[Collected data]
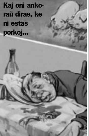
Kaj oni ankoraŭ diras, ke ni estas porkoj...

Kun la junaj bon-templanoj mi kun la vic-redaktoro konatiĝis dum la seminario pri projektmastrumado, komune organizita de TEJO kaj EGYTF* [egtif] – European Good Templar Youth Federation – Eŭropa Federacio de Junaj Bon-Templanoj. La seminario pasis bonege, kaj la sola plendeto de unu el la partoprenantoj TEJO-flanke estis pri la “malpermeso trinki bieron”. Nu, la plendeto estis evidente ŝerca, sed tamen neuzado de alkoholo estis kondiĉo de par-
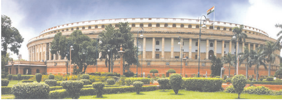
चित्र 20.5 भारत का संसद् भवन
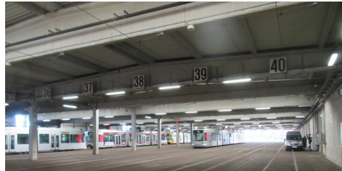
Ansicht der Halle 1
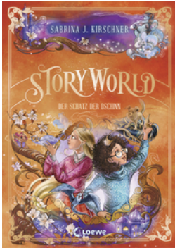
StoryWorld (Band 3) - Der Schatz der Dschinn
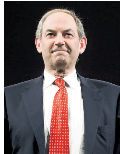
Job Cohen, afgelopen zondag.
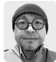
【講師プロフィール】

申込方法：2月28日(金)まで、気仙沼市社協（電話 22-0709）へお申し込みください。
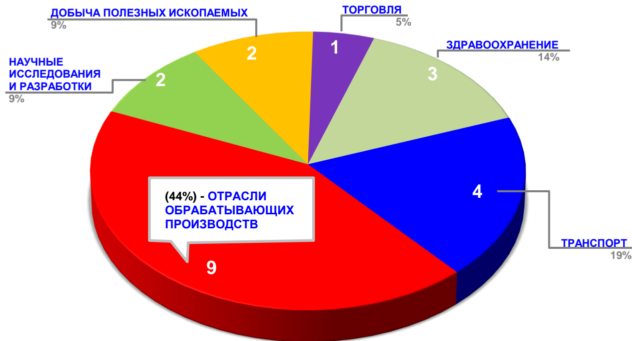
Диаграмма 2. Распределение актуальных социально-трудовых конфликтов по отраслям в РФ за истекшую неделю
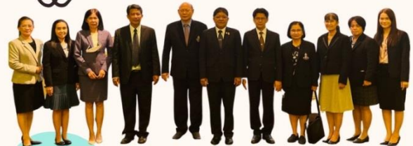
PA SUPPORT TEAM

Problem -> Would you return the records exactly, keeping out every picture?

Answer for this exercise ->
Kaj oni ankoraŭ diras, ke ni estas porkoj...

Kun la junaj bon-templanoj mi kun la vic-redaktoro konatiĝis dum la seminario pri projektmastrumado, komune organizita de TEJO kaj EGYTF* [egtif] – European Good Templar Youth Federation – Eŭropa Federacio de Junaj Bon-Templanoj. La seminario pasis bonege, kaj la sola plendeto de unu el la partoprenantoj TEJO-flanke estis pri la “malpermeso trinki bieron”. Nu, la plendeto estis evidente ŝerca, sed tamen neuzado de alkoholo estis kondiĉo de par-
चित्र 20.5 भारत का संसद् भवन
Ansicht der Halle 1
StoryWorld (Band 3) - Der Schatz der Dschinn
Job Cohen, afgelopen zondag.
【講師プロフィール】

申込方法：2月28日(金)まで、気仙沼市社協（電話 22-0709）へお申し込みください。
Диаграмма 2. Распределение актуальных социально-трудовых конфликтов по отраслям в РФ за истекшую неделю
PA SUPPORT TEAM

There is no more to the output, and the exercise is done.